**Task item**
Print only the lines from the top of the data through the line with "This bold Monster", both included, skipping every picture.

**Supplied material**

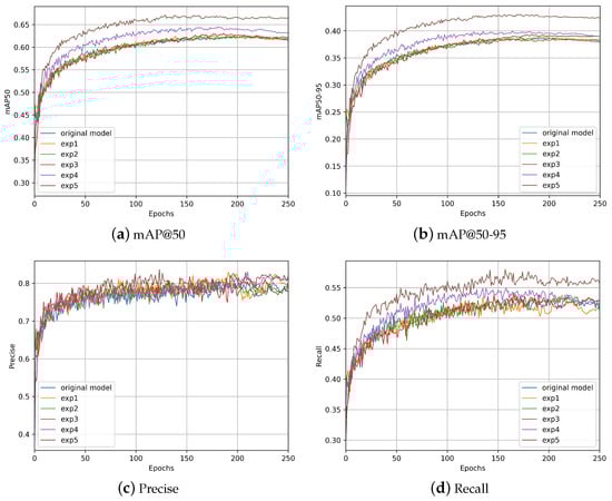 The YOLOv8n algorithm serves as the baseline in this section. Several improvement strategies proposed in this paper are evaluated through ablation experiments, aimed at gaining a deeper understanding of their effects on detection performance. There are six groups of ablation experiments carried out, using , , , , and as metrics for evaluation. In these experiments, ✓ indicates the adoption of the respective method. The results of the ablation experiments performed on the CityPersons dataset are shown in Table 3.
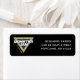 This bold Monster Jam address label design features the iconic Monster Jam logo set against a sleek black background, creating a strong and recognizable look for fans of monster truck action. The famous triangular Monster Jam emblem with metallic detailing and yellow accents stands prominently on the left side, instantly capturing the high-energy spirit of the Monster Jam arena.
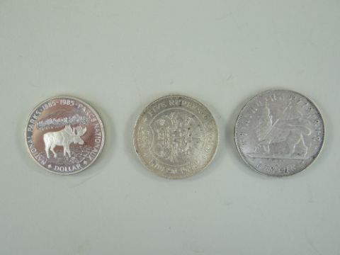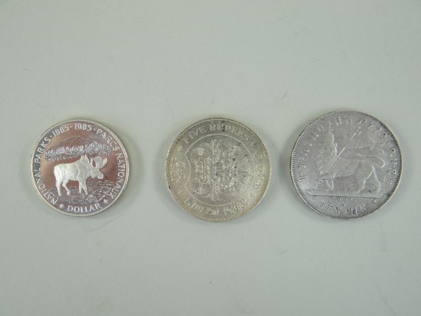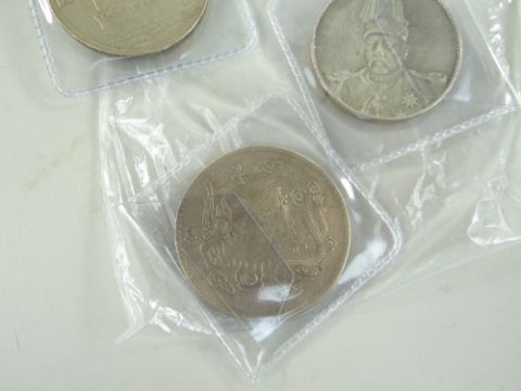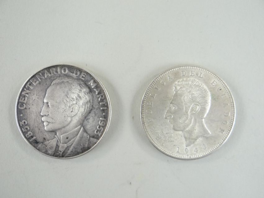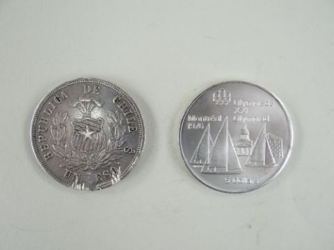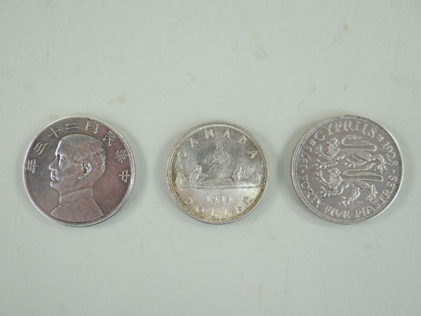 ASSORTED COLLECTABLE WORLD COINS comprising 1933 Republic of Cuba 1 peso, 1853-1953 Republic of Cuba 1 peso, 1878-1928 Cyprus 45 piastres, 1943 Mexico 5 sucres, two silver Chinese commemorative 1 dollars (Guangxu 34th year pei yang dragon & Sun Yat-sen an 23), Canada Montreal Olympic 5 dollar coin, 1957 5 rupees coin, 1870 & 1895 Chile 1 peso coins, 1963 Canada dollar, 1867-1967 Canada dollar, 1873-1973 Canada dollar, 1983 Edmonton Canada dollar, 1885-1985 National Parks Canada dollar, 1935 Canada dollar, 1939 Canada dollar, 1949 Canada dollar, 1950 Canada dollar, 1858-1958 British Columbia Canada dollar, and four Chinese metal alloy reproductions, (25 coins / tray not included)

**Answer below**
 The YOLOv8n algorithm serves as the baseline in this section. Several improvement strategies proposed in this paper are evaluated through ablation experiments, aimed at gaining a deeper understanding of their effects on detection performance. There are six groups of ablation experiments carried out, using , , , , and as metrics for evaluation. In these experiments, ✓ indicates the adoption of the respective method. The results of the ablation experiments performed on the CityPersons dataset are shown in Table 3.
 This bold Monster Jam address label design features the iconic Monster Jam logo set against a sleek black background, creating a strong and recognizable look for fans of monster truck action. The famous triangular Monster Jam emblem with metallic detailing and yellow accents stands prominently on the left side, instantly capturing the high-energy spirit of the Monster Jam arena.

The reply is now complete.